Stripping and Other Noble Pursuits
Pop go the dialectics in “Filth and Wisdom,” a tale of bumping and grinding your way to happiness from the hardest-working hard body in show business, that precision sex-and-beat machine turned first-time movie director known as Madonna.
Set in London, the loosely threaded 84-minute story written by the Big M and Dan Cadan (a former crew member for her soon-to-be ex, Guy Ritchie) involves three roomies who are peddling body and soul in order to follow their different dreams, all of which should sound familiar to the Madonna faithful: music, dance and … saving impoverished African children.
Though she might be in an autobiographical mood, Madonna never appears on camera (two of her songs get a workout), letting the low-profile cast go through the motions and emotions for her. First and foremost is A. K. (Eugene Hutz, of the self-styled Gypsy punk band Gogol Bordello), a Ukrainian musician who earns his keep British style by punishing naughty (adult) boys and dressing up in women’s clothing. A charismatic string bean adorned with gold hoop earrings and a kitten-sized mustache, A. K. shares a flat with Holly (Holly Weston), a ballerina with no discernable personality, and Juliette (Vicky McClure), a pharmacist’s aide whose obsession with African children leads to the worst line (and idea) in a movie this year: “She don’t know she’s starving too,” explains A. K.
She’s not really, though you might fervently wish that she were if not for the playful Mr. Hutz, who, whether loping through London or ogling the camera, lightens this otherwise heavy endeavor. Seriousness per se isn’t the problem (never is); the problem is the air of self-consciousness about being serious (or being taken as such), a tendency that has plagued Madonna’s own acting ever since her breezy 1985 breakout in “Desperately Seeking Susan.” That self-consciousness weighs on “Filth and Wisdom,” creating moments that are as cringe-inducing – Richard E. Grant as a professionally sensitive blind poet pulling books off his shelves in a rage – as the ill-advised director’s statement in which she name-drops Jean-Luc Godard, Pier Paolo Pasolini and Luchino Visconti.

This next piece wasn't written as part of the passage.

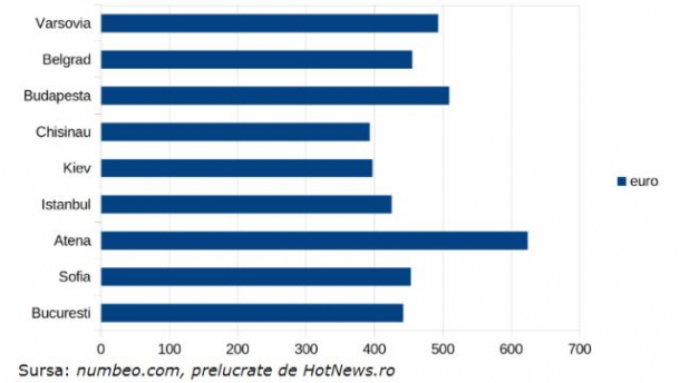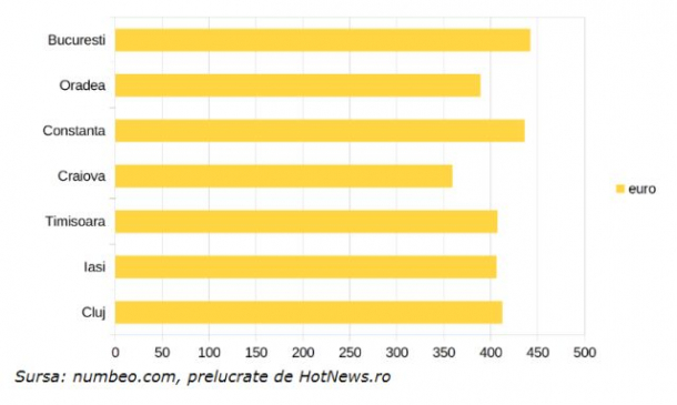 Comparativ cu alte orașe din țara noastră, Bucureștiul este cel mai scump. În Constanța traiul costă 436 euro, iar în Cluj de 412 euro.

Well, better Visconti than most. “Filth and Wisdom” is a ridiculously easy target, but it also creaks and strains with more ambition than most mainstream throwaways that just recycle the usual guns and poses. Not that Madonna has gone in for originality, which isn’t really her thing: rather, instead of repurposing a genre, she has riffled through the art-house catalog for inspiration, as evidenced by the film’s intentionally grubby visual texture, jumpy editing, direct-address commentary, freeze frames and other tricks. Although the somewhat rough visual style doesn’t feel especially organic or natural for a director who has built a slick international brand with mind-blowing calculation, it does keep you interested from scene to scene, which is a more generous compliment than it might seem.
As to that story: A. K. pines for Holly, who remains oblivious until she learns to love herself or something by becoming a pole dancer at a men’s club. Juliette learns something else, though I’m not sure what, partly by ducking and then embracing her infatuated boss, Sardeep (Inder Manocha), an Indian immigrant with a noisy brood and a jealous wife (Shobu Kapoor). Madonna spices up these human ingredients and others with light bondage and grave affirmations (there’s even some marital advice), and while her movie meanders hither and yon, it all works out because life is a giant virgin-whore paradox and filth leads to wisdom and wisdom leads to filth and Gogol Bordello leads to a merry blowout with horn blasts and yelps.
Review by Manhola Dargis, New York Times.